In the entries below, find the line with "BLUEerror 花边假两件V领蓝色开衫套装女宽松短款针织衫外套早秋" and print exactly every line from there up to and including the line with "Designed for ease", with no other lines.
⁂
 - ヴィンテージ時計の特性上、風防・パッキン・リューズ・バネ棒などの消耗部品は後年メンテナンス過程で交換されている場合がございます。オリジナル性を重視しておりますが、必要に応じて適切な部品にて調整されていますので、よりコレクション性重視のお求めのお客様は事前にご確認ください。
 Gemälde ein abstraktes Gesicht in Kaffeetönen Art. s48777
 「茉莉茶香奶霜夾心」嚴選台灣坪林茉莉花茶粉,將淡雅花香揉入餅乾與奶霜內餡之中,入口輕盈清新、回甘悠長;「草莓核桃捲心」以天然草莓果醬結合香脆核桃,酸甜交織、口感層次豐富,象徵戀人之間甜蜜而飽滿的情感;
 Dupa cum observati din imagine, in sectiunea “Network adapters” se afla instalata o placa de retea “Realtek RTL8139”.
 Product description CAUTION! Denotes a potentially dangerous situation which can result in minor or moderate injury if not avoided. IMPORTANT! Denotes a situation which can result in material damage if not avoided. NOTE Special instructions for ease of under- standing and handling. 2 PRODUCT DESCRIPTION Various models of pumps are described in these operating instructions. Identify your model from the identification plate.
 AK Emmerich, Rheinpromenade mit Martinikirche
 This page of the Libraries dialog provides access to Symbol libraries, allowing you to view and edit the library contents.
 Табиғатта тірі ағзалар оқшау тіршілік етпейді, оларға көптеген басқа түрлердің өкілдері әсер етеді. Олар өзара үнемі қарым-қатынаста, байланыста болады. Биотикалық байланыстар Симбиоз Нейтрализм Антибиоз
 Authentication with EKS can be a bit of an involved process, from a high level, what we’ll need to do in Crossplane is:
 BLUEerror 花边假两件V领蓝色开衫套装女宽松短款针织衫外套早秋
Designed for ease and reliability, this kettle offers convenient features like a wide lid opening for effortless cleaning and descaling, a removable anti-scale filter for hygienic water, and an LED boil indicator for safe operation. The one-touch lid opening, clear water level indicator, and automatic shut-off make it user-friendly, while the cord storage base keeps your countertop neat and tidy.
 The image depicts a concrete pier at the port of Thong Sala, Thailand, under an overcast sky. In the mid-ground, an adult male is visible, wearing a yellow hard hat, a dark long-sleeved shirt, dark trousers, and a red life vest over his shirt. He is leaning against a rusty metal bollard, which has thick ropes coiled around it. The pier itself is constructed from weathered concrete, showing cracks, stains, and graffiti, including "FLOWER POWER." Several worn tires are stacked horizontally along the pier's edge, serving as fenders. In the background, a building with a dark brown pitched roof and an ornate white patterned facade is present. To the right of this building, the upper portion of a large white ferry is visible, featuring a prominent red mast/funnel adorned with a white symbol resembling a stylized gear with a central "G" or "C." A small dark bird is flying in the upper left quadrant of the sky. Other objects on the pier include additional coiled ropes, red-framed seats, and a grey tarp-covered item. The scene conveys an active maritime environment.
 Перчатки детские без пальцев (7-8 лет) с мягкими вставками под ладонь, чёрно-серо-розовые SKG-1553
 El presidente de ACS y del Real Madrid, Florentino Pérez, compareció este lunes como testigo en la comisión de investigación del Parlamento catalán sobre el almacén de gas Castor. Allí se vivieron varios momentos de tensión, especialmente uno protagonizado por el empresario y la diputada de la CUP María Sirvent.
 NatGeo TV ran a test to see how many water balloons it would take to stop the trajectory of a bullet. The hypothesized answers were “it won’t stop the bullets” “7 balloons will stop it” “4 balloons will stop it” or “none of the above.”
⁂
_Written answer:_
 BLUEerror 花边假两件V领蓝色开衫套装女宽松短款针织衫外套早秋
Designed for ease and reliability, this kettle offers convenient features like a wide lid opening for effortless cleaning and descaling, a removable anti-scale filter for hygienic water, and an LED boil indicator for safe operation. The one-touch lid opening, clear water level indicator, and automatic shut-off make it user-friendly, while the cord storage base keeps your countertop neat and tidy.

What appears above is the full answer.